3. Fix the microneedles: slowly insert the metal hollow microneedle array into the PDMS that is still in liquid state, and then fix the whole device after the rough front surface is immersed in the PDMS mixture for 2~3mm;

4. Vacuum pumping: vacuum the whole device with a vacuum pump for 0.5~1min;

5. Heat curing: Put the whole device in an oven at 70°C until it is completely cured, about 8~12min (or 80°C, 4~6min);

6. Pull out the microneedles: separate the cured PDMS mixture from the metal microneedle array, and trim the excessively high center column in the PDMS mold to 3.0mm (even if the center column is about 3mm higher than the mold level);

7. Melting material: spread polystyrene powder (Polystyrene, PS) in the concave area in the center of the mold under the premise of keeping the center column vertical, clamp the upper and lower sides of the mold with two flat weights, and then Put it in a muffle furnace at 200~230°C for 35~50min;

8. Cooling and solidification: Take out the whole body, place it flat on a horizontal surface and cool for 0.5~1min, remove the heavy objects, separate PS and PDMS, if the corresponding position of the needle on the back of the PS microneedle array is covered with PS film, carefully remove it;

9. Adhesive cavity: Make a concave elastic PDMS mixture cavity and adhere it to the back of the PS microneedle array.

Example 2 Peripheral (micro) blood collection patch

The production steps are the same as in Example 1, the difference is:

Step 6 Trim the central column to make it about 1mm lower than the highest level;

The PS microneedle array obtained after separating the PS and PDMS mixture in step 8 is the desired blood collection patch.

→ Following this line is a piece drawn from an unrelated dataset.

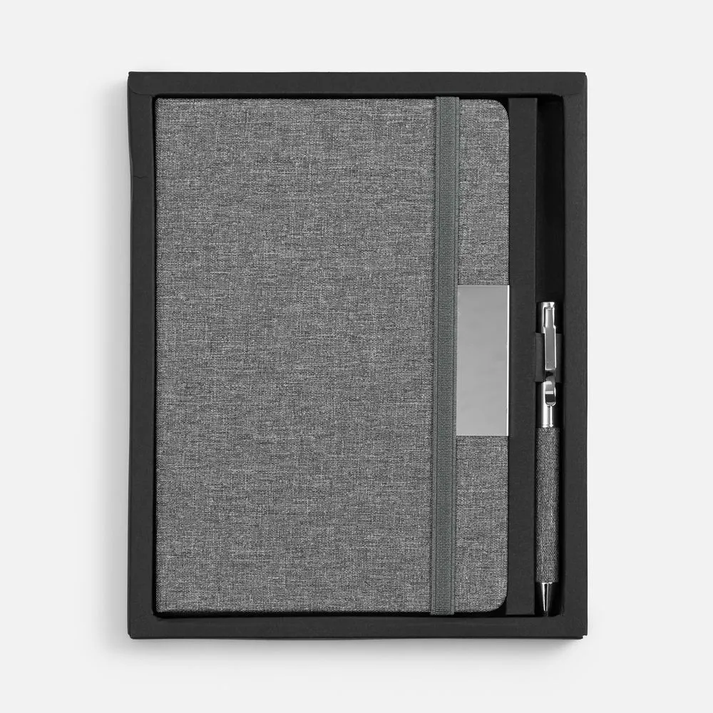 Набор Fabrelly: блокнот в линейку и металлическая шариковая ручка, серый / черный

Finally, as shown in Figure 2.

Embodiment 3 Electroosmotic blood collection/transdermal drug delivery patch

The production steps are the same as in Example 1, the difference is:

Select materials that can generate surface charges in body fluids, such as polyamine, polyamide, polyphenylene ether, etc. In this embodiment, high-hardness polyamine is used to replace polystyrene;

Step 9 Adhere the cavities with flexible electrodes.

Claims (5)

1. the preparation method of an adhesive type empty micropin array, it is characterized in that, described adhesive type empty micropin array comprises a flat board, flat board is provided with the empty micropin of a group pattern, the length of empty micropin is 0.1 ~ 3mm, described flat board is provided with cavity, and described cavity and the cavity connects of microneedles comprise the following steps:

S1. depletion belongs to empty micropin array, with lubricator lubricates microneedles array;

S2. by weight A and the B component of 1:10=A:B mixing polydimethylsiloxane, stir, preheating, obtains mixture;

S3. the microneedles array of S1 gained is slowly inserted in the mixed liquor of S2 gained, fixing, evacuation, solidification, the demoulding, obtains polydimethylsiloxane mould;

S4., under the vertical condition keeping newel, Polystyrene powder is spread in the sunk area of mould central authorities, with two pieces of flat boards by teamed for mould upper and lower surface, then 35 ~ 50min in the Muffle furnace being placed on 200 ~ 230 DEG C;

S5. cooling curing, obtains polystyrene micro-nano needle head array;

S6. preparation has the elasticity polydimethylsiloxane cavity of spill, is adhered to the polystyrene micro-nano needle head array back side, obtains adhesive type empty micropin array.

2. preparation method according to claim 1, is characterized in that, the preheating described in step S2 be in the baking oven being positioned over 70 DEG C 6.5 ~ 7.5min or be positioned over 80 DEG C baking oven in 1.5 ~ 2min.

3. preparation method according to claim 1, is characterized in that, the microneedles array described in step S3 slowly inserts mixed liquor 2 ~ 3mm, and being cured as described in step S3 is positioned over 8 ~ 12min in the baking oven of 70 DEG C or is positioned over 4 ~ 6min in the baking oven of 80 DEG C.

4. preparation method according to claim 1, is characterized in that, the length of the newel of step S3 gained polydimethylsiloxane mould is 0.1 ~ 3mm.

5. preparation method according to claim 1, is characterized in that, the polydimethylsiloxane mould of step S3 gained can be recycled.